### Weighted Voting Analysis

#### 1. Library Imports
First, we import the necessary libraries.
```python
import pandas as pd
import json
from sqlalchemy import create_engine
import statsmodels.api as sm
```

#### 2. Database Connection
We create a connection to a MySQL database using the provided credentials and database name.
```python
engine = create_engine("mysql+pymysql://root:password@localhost/snapshot_database")
```

#### 3. Data Extraction
We extract the `votes` and `proposals` tables from the database.
```python
votes = pd.read_sql('SELECT * FROM votes', con=engine)
proposals = pd.read_sql('SELECT * FROM proposals', con=engine)
```

#### 4. Data Merging
We merge the `votes` and `proposals` dataframes based on the proposal IDs.
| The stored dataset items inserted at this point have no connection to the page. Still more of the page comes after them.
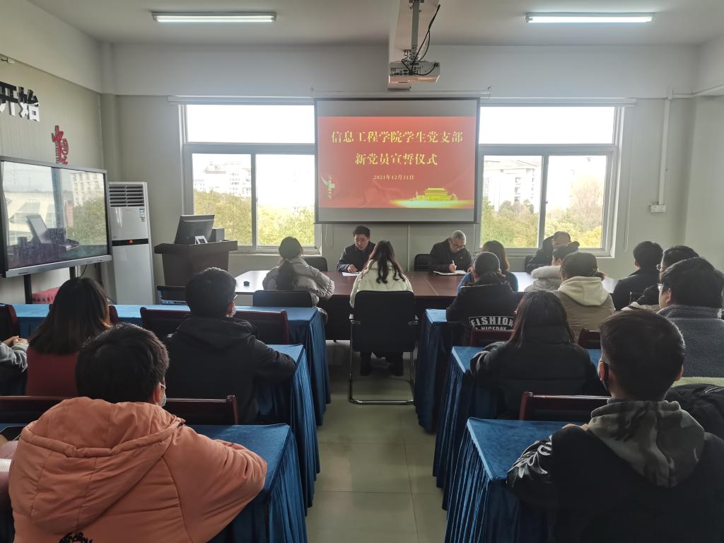 12月31日中午,信息工程学院学生党支部在313办公室召开新党员宣誓大会,大会由学生党支部组织委员姚德健老师主持,信息工程学院党总支书记邓庆安和学生党支部所有师生党员参会。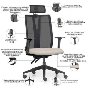 Equipada com um mecanismo Evolution, um sistema de contato permanente, essa cadeira giratória abraça as suas necessidades, permitindo ajustes precisos na altura do assento, do encosto e dos braços. Cada detalhe foi pensado para proporcionar um suporte ideal, respeitando o biotipo do usuário e promovendo uma postura saudável durante longas horas de trabalho. Já a base pirâmide, adornada com rodízios em PU e sistema anti-risco, desliza suavemente sobre qualquer superfície, garantindo movimentos ágeis e seguros. Por fim, o encosto com apoio de cabeça completa a experiência, permitindo que você se concentre no que realmente importa, enquanto sua mente flui livremente.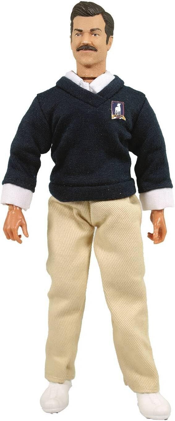 Ted Lasso llega a tu colección en formato figura articulada de 20 cm, creada por Mego bajo la dirección y legado de Marty Abrams, pionero en la historia del coleccionismo de figuras de acción. Esta pieza recupera la esencia del estilo clásico de Mego, con ese toque retro tan reconocible y apreciado por coleccionistas de todas las generaciones, pero adaptada al personaje que conquistó a medio mundo con su optimismo, humanidad y liderazgo. La figura presenta ropa de tela al estilo tradicional de la marca, permitiendo una presencia más auténtica y cercana al personaje televisivo. Sus puntos de articulación permiten posar a Ted en diferentes posturas, desde su actitud relajada y cercana hasta poses inspiradas en sus charlas motivacionales antes de un partido. El esculpido del rostro y los detalles del uniforme reflejan fielmente su personalidad cálida, decidida y siempre dispuesta a creer en las personas. Es una pieza perfecta tanto para fans de la serie como para coleccionistas que valoran la historia del juguete y la estética Mego. Ideal para exponer junto a otras figuras clásicas, en una estantería temática o como pieza protagonista en una colección moderna centrada en cultura televisiva. Esta figura transmite carácter, presencia y un mensaje claro: cree siempre un poco más.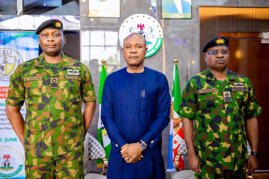 Governor Peter Mbah on Friday received the outgoing Commanding Officer of the Nigerian Navy NNS Madueke, Ogurugu Naval Base, Uzo Uwani LGA, Navy Commodore A. O. Odejobi, who has been redeployed to Naval Headquarters, along with his successor, Navy Commodore N. Frinday.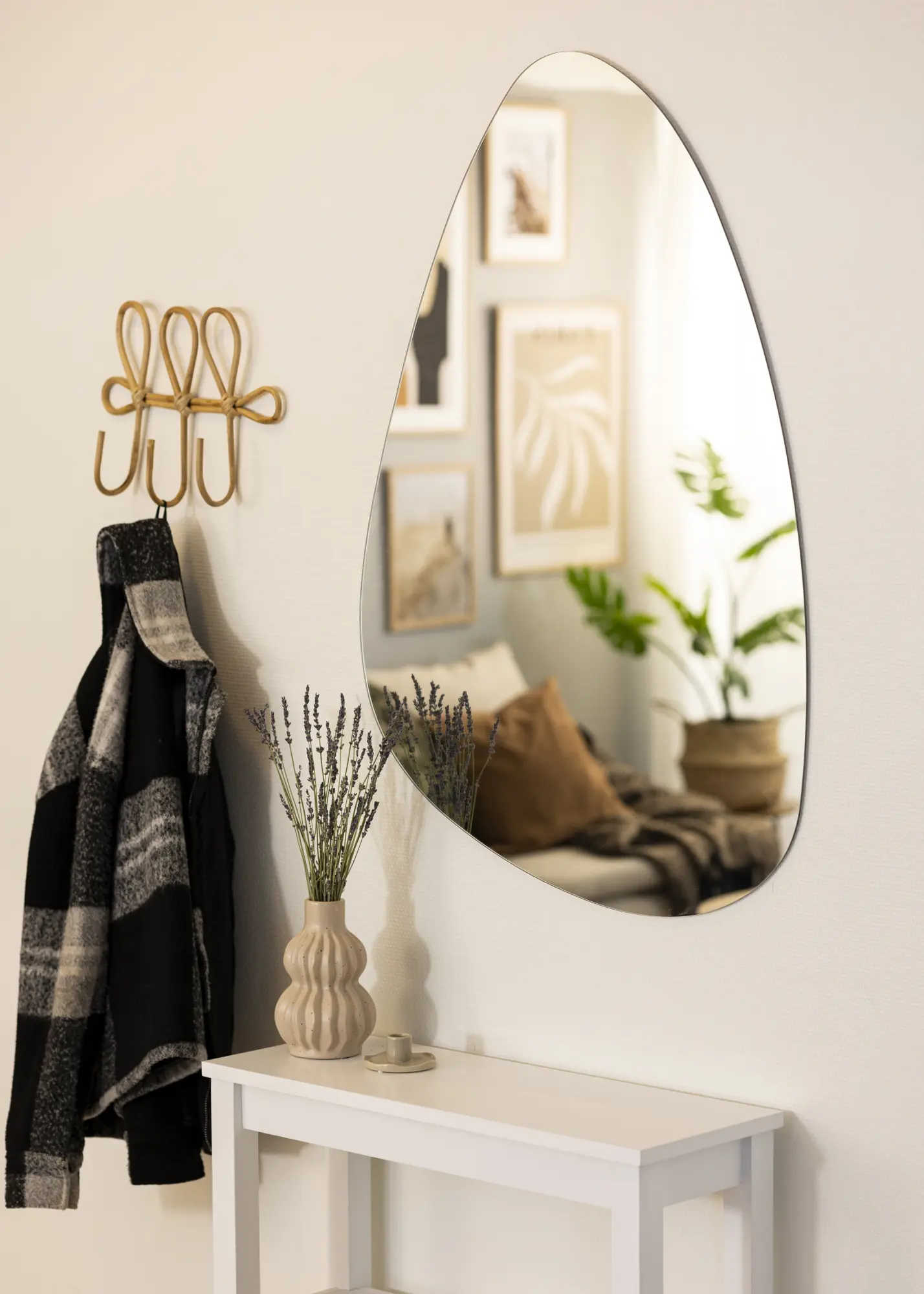 See peegel on ideaalne sulle, kui otsid elegantset peeglit minimalistlikus stiilis. Asümmeetriline kuju on kombineeritud õhukese peegliklaasiga ja raamita servadega, mis loob väga elegantse terviku. Tagaküljel on seinakinnitused.

The suffixes help differentiate between columns that are present in both tables.
```python
votes_proposals = votes.merge(proposals, left_on='proposal', right_on='id', suffixes=('_vote', '_proposal'))
```

#### 5. Filtering by Voting Type
We focus only on the rows where the voting type is "weighted".
```python
votes_weighted = votes_proposals[votes_proposals['type'] == 'weighted'].copy()
```

#### 6. Determine Winning Choice
We define a function `get_weighted_winning_choice` that will determine the winning choice for each proposal based on voters' weights. The function aggregates weights for each choice and returns the choice with the highest aggregate weight.
```python
def get_weighted_winning_choice(choices_list):
    ...
```

Then, we apply this function to our dataframe, grouping by proposal ID.
```python
winning_choices_weighted = votes_weighted.groupby('id_proposal').apply(lambda group: get_weighted_winning_choice(group['choice'].tolist()))
votes_weighted['winning_choice'] = votes_weighted['id_proposal'].map(winning_choices_weighted)
```

#### 7. Alignment Analysis
We determine if each vote was aligned with the winning choice.
```python
votes_weighted['aligned'] = (votes_weighted['choice'] == votes_weighted['winning_choice']).astype(int)
```

#### 8. Lag Variable for Previous Alignment
For each voter within a specific DAO, we shift the alignment column to create a lag variable, which captures the alignment of the voter's previous vote.
```python
votes_weighted['previous_aligned'] = votes_weighted.groupby(['voter', 'space_vote'])['aligned'].shift()
```

#### 9. Misalignment Analysis
We create a binary column indicating if the previous vote was misaligned.
```python
votes_weighted['misaligned_previous'] = (votes_weighted['previous_aligned'] == 0).astype(int)
```

#### 10. Future Voting Behavior Analysis
We determine if a voter participated in a subsequent proposal within the same DAO.
```python
votes_weighted['future_voting'] = votes_weighted.groupby(['voter', 'space_vote'])['choice'].shift(-1).notna().astype(int)
```

#### 11. Regression Analysis
Finally, we perform a logistic regression to examine the relationship between a voter's past misalignment and their likelihood to participate in future voting.
```python
X = votes_weighted[['misaligned_previous']]
X = sm.add_constant(X)  # Adds a constant term to the predictor
y = votes_weighted['future_voting']

model = sm.Logit(y, X)
result = model.fit()
print(result.summary())
```

In [1]:
import pandas as pd
import json
from sqlalchemy import create_engine
import statsmodels.api as sm

# Create an engine to the database
engine = create_engine("mysql+pymysql://root:password@localhost/snapshot_database")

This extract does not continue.